Aug 18, [New Radicals, "Someday We’ll Know"]
Ok well since fateback has been down the last couple days I’m going to
leave the last couple entrys up here.
The last couple days have been great, yet really sad at the same time.
I’ve spent alot of time with Adam and Angie. It’s been really great. Last
night we went to a concert with Adam and Tim’s band. There were some damn
hot guys there. It was a pretty good time, free food. And I got to see alot
of people from High School that I hadn’t seen in a while. After that we
went downtown, I missed my first two corners, so I just took the long ass
way around, we got there eventually. We were sitting on that brick wall
just across from Spagetti Works and these two random people walked up to
us. They started asking us where good places to hang out and drink were,
and then they asked if thier fake ID’s were good enough, it was crazy. Then
they offered for us to come back to thier hotel room. Crazy people. We talked
to them for a while, then it started POURING rain, I mean just out of the
middle of no where, it started pouring sheets of rain. It was cool, so we
ran back to Java Joe’s and got some coffee and shit.
We left there cause we had had enough of the live music in the last couple
days with the fair and all. So we left and went back to Angies house. Earlier
I had told Adam a story about the conversation I had with my parents. They
said something along the lives of, "With the life style you’ve choosen,
you’ll end up in a body bag by the time you’re 22." And when they said
it, it didn’t cross my mind at all, and I just put it off as something they
would say. I didn’t even think about it tell I told Adam the whole story,
and then it’s like, they really thinkn that, that I’m going to be dead by
the time I’m 22. So that really depressed me. Assholes. So at Angie’s we
all just talked and it was good times there. After we left there, Adam and
I went out and just drove around Ankeny and talked and did random stuff.

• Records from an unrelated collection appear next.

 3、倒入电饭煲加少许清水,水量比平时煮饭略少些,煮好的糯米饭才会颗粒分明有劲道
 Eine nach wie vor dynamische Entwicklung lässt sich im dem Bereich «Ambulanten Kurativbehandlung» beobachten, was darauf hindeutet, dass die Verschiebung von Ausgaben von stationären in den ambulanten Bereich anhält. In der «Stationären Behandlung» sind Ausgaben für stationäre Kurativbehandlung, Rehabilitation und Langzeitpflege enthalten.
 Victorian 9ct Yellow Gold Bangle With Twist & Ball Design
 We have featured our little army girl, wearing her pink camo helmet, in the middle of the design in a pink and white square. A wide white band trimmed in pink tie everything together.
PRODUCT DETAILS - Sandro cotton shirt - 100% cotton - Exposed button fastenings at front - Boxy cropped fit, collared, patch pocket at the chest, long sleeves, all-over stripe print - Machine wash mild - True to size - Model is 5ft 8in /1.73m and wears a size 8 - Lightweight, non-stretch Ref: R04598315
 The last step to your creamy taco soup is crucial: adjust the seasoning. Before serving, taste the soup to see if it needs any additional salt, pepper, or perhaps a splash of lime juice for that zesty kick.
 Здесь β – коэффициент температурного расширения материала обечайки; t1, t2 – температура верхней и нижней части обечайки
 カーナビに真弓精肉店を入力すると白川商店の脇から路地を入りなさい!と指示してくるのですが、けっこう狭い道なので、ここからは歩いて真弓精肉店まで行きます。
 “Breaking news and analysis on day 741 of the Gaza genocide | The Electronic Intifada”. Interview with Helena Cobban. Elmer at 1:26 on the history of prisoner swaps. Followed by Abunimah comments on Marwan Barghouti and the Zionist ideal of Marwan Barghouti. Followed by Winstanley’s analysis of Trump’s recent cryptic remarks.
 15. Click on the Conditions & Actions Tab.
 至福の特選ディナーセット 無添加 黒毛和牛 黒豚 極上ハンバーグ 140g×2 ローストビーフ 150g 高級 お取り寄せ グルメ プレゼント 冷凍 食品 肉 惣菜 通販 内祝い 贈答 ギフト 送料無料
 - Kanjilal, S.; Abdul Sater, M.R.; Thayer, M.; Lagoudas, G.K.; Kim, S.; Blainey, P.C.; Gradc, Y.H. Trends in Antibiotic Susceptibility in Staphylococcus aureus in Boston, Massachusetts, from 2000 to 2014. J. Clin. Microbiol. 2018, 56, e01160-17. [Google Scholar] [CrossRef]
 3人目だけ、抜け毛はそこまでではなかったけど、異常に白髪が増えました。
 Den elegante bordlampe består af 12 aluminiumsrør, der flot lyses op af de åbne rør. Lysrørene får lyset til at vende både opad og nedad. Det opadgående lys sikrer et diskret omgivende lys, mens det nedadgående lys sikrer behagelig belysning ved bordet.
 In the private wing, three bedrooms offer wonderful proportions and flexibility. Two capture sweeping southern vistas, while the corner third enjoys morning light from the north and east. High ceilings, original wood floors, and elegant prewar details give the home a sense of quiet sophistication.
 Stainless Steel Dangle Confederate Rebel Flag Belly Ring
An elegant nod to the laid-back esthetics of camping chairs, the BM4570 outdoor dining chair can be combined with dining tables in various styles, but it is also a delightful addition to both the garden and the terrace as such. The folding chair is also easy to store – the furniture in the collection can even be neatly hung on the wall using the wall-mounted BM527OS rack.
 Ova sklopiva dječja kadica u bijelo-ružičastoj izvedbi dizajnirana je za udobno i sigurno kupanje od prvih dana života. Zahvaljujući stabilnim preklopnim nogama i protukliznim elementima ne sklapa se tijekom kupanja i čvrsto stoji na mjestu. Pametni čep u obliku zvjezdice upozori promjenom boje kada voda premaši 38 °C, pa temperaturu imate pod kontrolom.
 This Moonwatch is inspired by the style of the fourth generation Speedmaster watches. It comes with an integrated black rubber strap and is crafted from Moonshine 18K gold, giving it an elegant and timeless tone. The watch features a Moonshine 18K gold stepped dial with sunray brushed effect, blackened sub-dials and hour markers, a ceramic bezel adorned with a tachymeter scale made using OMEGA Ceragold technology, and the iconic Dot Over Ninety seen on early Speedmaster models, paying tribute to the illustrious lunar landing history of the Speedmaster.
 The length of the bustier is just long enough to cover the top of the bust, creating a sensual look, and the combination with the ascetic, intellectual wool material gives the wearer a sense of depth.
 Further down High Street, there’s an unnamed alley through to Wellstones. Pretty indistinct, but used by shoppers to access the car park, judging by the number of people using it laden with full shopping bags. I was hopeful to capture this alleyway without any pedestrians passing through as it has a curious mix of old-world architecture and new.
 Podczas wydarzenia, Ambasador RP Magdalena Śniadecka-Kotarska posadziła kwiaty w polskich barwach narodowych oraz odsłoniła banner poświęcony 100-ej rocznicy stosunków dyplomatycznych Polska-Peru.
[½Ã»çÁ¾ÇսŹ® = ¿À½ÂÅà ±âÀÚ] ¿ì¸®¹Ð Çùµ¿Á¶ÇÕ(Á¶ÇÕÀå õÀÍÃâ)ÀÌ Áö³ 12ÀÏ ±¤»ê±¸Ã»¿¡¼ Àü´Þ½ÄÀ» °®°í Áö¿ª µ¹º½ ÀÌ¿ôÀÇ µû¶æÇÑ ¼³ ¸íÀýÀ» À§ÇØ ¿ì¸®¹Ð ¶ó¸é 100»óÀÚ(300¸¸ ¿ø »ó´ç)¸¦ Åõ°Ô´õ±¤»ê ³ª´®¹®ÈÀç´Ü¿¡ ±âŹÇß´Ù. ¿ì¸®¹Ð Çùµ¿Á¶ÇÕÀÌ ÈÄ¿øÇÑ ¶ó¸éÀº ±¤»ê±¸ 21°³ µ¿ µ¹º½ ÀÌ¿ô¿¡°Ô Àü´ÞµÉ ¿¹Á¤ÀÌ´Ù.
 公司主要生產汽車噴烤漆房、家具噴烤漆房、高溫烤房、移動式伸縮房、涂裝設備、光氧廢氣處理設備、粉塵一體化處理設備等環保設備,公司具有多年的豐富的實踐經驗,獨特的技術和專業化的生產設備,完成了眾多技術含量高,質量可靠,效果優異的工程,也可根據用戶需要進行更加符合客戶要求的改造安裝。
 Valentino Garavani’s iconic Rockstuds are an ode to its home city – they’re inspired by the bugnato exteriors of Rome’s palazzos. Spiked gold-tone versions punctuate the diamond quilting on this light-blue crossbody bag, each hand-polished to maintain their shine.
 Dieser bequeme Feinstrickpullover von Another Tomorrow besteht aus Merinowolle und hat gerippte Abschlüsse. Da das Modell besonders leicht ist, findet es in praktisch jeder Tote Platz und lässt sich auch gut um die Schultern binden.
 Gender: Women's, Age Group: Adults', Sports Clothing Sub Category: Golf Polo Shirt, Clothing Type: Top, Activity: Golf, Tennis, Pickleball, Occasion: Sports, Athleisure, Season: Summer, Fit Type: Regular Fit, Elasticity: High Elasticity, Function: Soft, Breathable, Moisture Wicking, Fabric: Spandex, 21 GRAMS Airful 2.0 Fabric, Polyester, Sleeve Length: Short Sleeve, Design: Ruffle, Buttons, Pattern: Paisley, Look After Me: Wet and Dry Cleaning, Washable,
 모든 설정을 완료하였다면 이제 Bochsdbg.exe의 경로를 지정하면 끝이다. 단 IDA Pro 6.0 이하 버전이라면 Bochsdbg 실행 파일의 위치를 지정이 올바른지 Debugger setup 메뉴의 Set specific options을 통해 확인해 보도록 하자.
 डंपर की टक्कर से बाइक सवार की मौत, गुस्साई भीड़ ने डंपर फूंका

That was really nice to talk to him about things. We went back to his house
about 1 or so. I don’t remember how we got on the topic, but he wanted to
show me family pictures, which is cool. Cause I think I’m one of the few
people that’s amussed by such things. Well especially someone that I care
about, lol. So we sat around and looked at those for a while. It was nice
to just sit next to him on the couch again, and just hang out without any
tension. Good times last night, even though they were sad times.
I’ve only got a week tell school starts. One week. I still don’t know what
the hell I’m doing. I don’t know what’s going on this next week. I don’t
know when I’m moving, I don’t know jack shit. I just don’t know about anything.
I’m thinking tomorrow I’ll just sit down with the PU’s and talk to them
about everything. Or maybe tonight if I get home in time.